Right now, the foot isn't complaining any more than it did this morning. I'll see how it is tomorrow, which wouldn't be a running interval day in any case. Best case, more intervals on Saturday. More likely, I should wait till Sunday.
Got an email today advertising a 5K on October 28. This same race, last year, was my first 5K. Dang, that's tempting; but I don't know if I'll be up to running 5K continually by then. And I'm pretty sure that if I'm in a competitive field, I won't be able to make myself slow down for intervals. I'll let that sit for a couple of weeks and see how the rehab goes.
So far, the rehab is like weight maintenance.
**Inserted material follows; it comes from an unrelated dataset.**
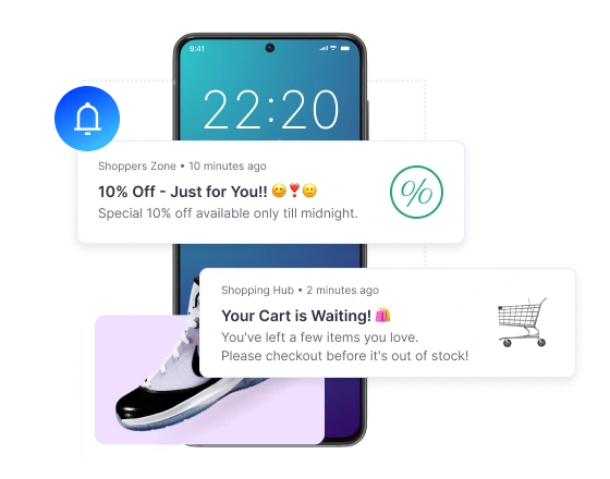 Eklenti, yöneticiye bir anlık bildirim özelliği sağlar. Böylece, o anda uygulamayı kullanmıyor olsalar bile müşterilere teklifler, fırsatlar, önemli uyarılar vb. gibi bildirimler göndererek onlarla etkileşim kurabilirler.

I can't tell on any given day how I'm doing; I need to see a trend. Unlike weight, I can't generate a single number that objective says I'm better or worse one day than another. I'm stuck with subjective evaluation of how the foot feels. Yeah, I can measure how fast or how far or how long I run; but that's rather not the point. I already know that I can run longer than is wise and aggravate an old injury.
So . . . I do what I think I can, and hope my thoughts are neither too cautious or too optimistic. Meanwhile, there's always the nutritional side of things to play with. And the sleep side, which has trumped writing blogs more days than not. But I'm still alive, still maintaining, and still rehabbing.
I once was a runner. I will be again.
Tuesday, September 04, 2012
This morning the bad foot felt better. Not 100%, but better than it has been in almost a week. I resolved to do some walk/run intervals.
Today was a work at home day. I figured that 9 intervals of one minute had been just a little too much last time; so I set out to see if I could handle 9 intervals of one minute this time. Working backwards from having about a half hour to do this between noon and one, I arrived at intervals of walk 2 minutes, run 1 minute.
Took a winding route around the neighborhood with several opportunities to add or subtract distance. Started out adding a loop to the standard 5K, before I realized that "more than 5K" was too long for the allotted time. So I chopped some distance off the back end. Turned out to go 2.74 miles in 28:06, for an average pace of 10:15 per mile. That's 9 cycles of walk 2, run 1, followed by a minute of walking.
1. Walk 2, run 1 is psychologically much easier than walk 4, run 1. Those 4 minute walking intervals get awfully long when I'm looking forward to running. 2 minutes is tolerable.
2. While doing the intervals, it felt like I could keep going for quite a while. Only planning ahead and paying attention to the predetermined plan brought me in under 30 minutes.
3. When I took my shoes off, my foot complained. Okay, I've been there with plantar fasciitis; it's going to be important to wear shoes, even around the house. I can handle that.
Now it's time to take a day or three off from the intervals and pay attention to how the foot feels again. This is training in slow motion, and that's a bit frustrating. But it's not as frustrating as not being able to run at all and not knowing when I can start.
Best case, I can do more intervals on Thursday. If the foot isn't feeling good enough by Thursday, I'm probably looking at Saturday. That would be two days a week instead of the three I wanted to get in, but hey. Two is better than zero.
Sunday, September 02, 2012
I've done two days of walk/run intervals at walk 4 minutes, run 1 minute. The first time was a test of the system. The second time, yesterday, I got the iPod app working right and had all the right cues. I did 9 cycles of walk 4, run 1.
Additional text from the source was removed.